Monday, April 20, 2015

Learners: Week 1

You are now in Week 1 of Fight the Four Horsemen! How is it going so far?

Each week after class on Monday, come here to learn more cool stuff about Fighting the Four Horsemen! A new post will be here by the next morning after class.

Here is the video we watched about the Four Horsemen - go ahead and watch it again!


There's a couple things to think about this week as you try to control the Four Horsemen. The importance of practice, and to begin practicing and learning more about remedies.

PRACTICE!

Remember that getting better at things takes time. It takes a lot of repetitive practice. Think of your favorite sport, or something you're good at doing. It took a while to get good at it right? That is how this will be, which is why we are going to spend several weeks talking about it. After that, we will keep working on it as a family, but we won't have a formal "class" about it every week.

One of my favorite quotes is something said by a man named Ralph Waldo Emerson, who was a great thinker and poet in the early 1800's. I like what he said so much that I made a picture for it. Think about these words and the idea of "practice." Think about how much practice doing something like playing the piano takes. This is how it will be learning to Fight the Four Horsemen. You will get better and better!


GENERAL REMEDIES

We began talking this week about remedies to make things better. We said "remedies" are reactions and repair, such as "I'm really sorry. I screwed up. Can we talk about it?"  

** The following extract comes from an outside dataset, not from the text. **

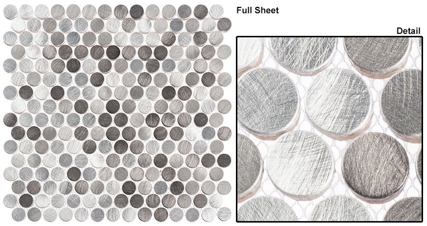 Tile Size: ¾” penny roundSheet Size: 11 4/5″ x 11 4/5″Sheet Coverage: .97 SQFRows Per Sheet: 16Tiles Per Sheet: 224Cut into Borders: Every 2 rowsTile Thickness: 5/16″ (8mm)Grout Joint: 1/16″ (2mm)Mesh Mounted: YesDue to the variance in installation methods, grout colors, lighting, image variances and computer monitor settings; the images above may not accurately represent the true color of the products after installation.Therefore Glazzio Tiles always recommends that tiles not be purchased from an image of any kind.

You cannot control how others behave. But you can control how you behave toward others, including if they are unleashing a Horseman or two on you and how you react back.

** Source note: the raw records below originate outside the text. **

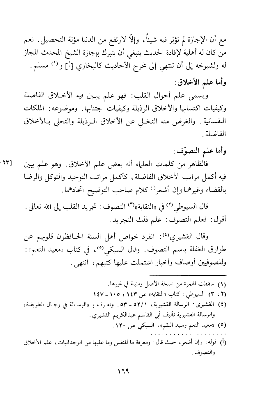 وقال القشيري: انفرد خواص أهل السنة الحافظون قلوبهم عن طوارق الغفلة باسم التصوف. وقال السبكي، في كتاب "معبد النعم": وللصوفيين أوصاف وأخبار اشتملت عليها كتبهم، انتهى.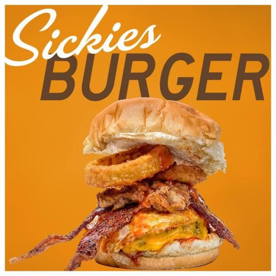 Sickies Garage has a signature burger that combines breakfast and lunch unlike any brunch we have ever encountered. The burger comes topped with bacon, fried egg, pulled pork, BBQ sauce, and onion rings. Is that one meal or three?
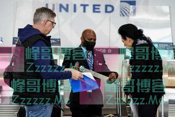 4月19日,在美国弗吉尼亚州阿灵顿的里根国家机场,两名未戴口罩的旅客在值机柜台办理手续。(新华社)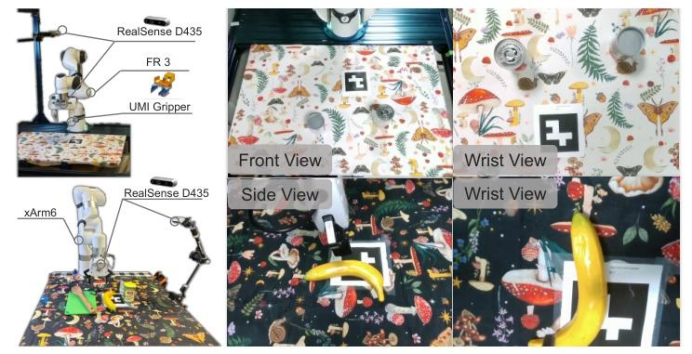 多视角数据采集:同步使用 FR3 的腕部相机、第三人称固定相机与手机相机,采集场景图像并记录机械臂关节姿态;

Here's the quick ideas we talked about for each of the Four Horsemen:

STONEWALLING: When you feel like stonewalling, instead tell the other person that you need a break, and would like to talk when you're in a better place, later on. "Later on" could be 15 minutes, an hour or two, but no later than 24 hours.

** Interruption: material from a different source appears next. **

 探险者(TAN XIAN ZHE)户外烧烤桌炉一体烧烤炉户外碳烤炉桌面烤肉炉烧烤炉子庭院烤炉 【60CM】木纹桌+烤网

DEFENSIVENESS: When you feel defensive, say "I am feeling defensive" and start talking about your feelings using sentences that begin with "I," such as "I feel" or "I think." Maybe you need a break, like when Stonewalling. Be humble and honest, admit where you're wrong and apologize.

CONTEMPT: Describe your own feelings and needs - don't focus on the other person. Again, "I" sentences. Focus on appreciating the other person! Always give many more positive comments about and to them as you do negative ones - build them up! Don't tear them down.

CRITICISM: Use a gentle start-up. Break the habit of blurting out criticism. Complain "well:"explain your concerns with those "I" statements, and request what you'd like.

Over the next few weeks we will learn more about how to do these things better. But this week we focused on one idea: to create "love maps" for others that you love and are close to.

REMEDY: LOVE MAPS

Love maps mean having a detailed familiarity in your own mind of another loved one, sort of like how a map would show you where everything in a city is. It includes knowing the major events in another’s life history, their likes and dislikes, fears, worries, dreams, favorite things, hopes and so on, and that information keeps updating as the other's world changes.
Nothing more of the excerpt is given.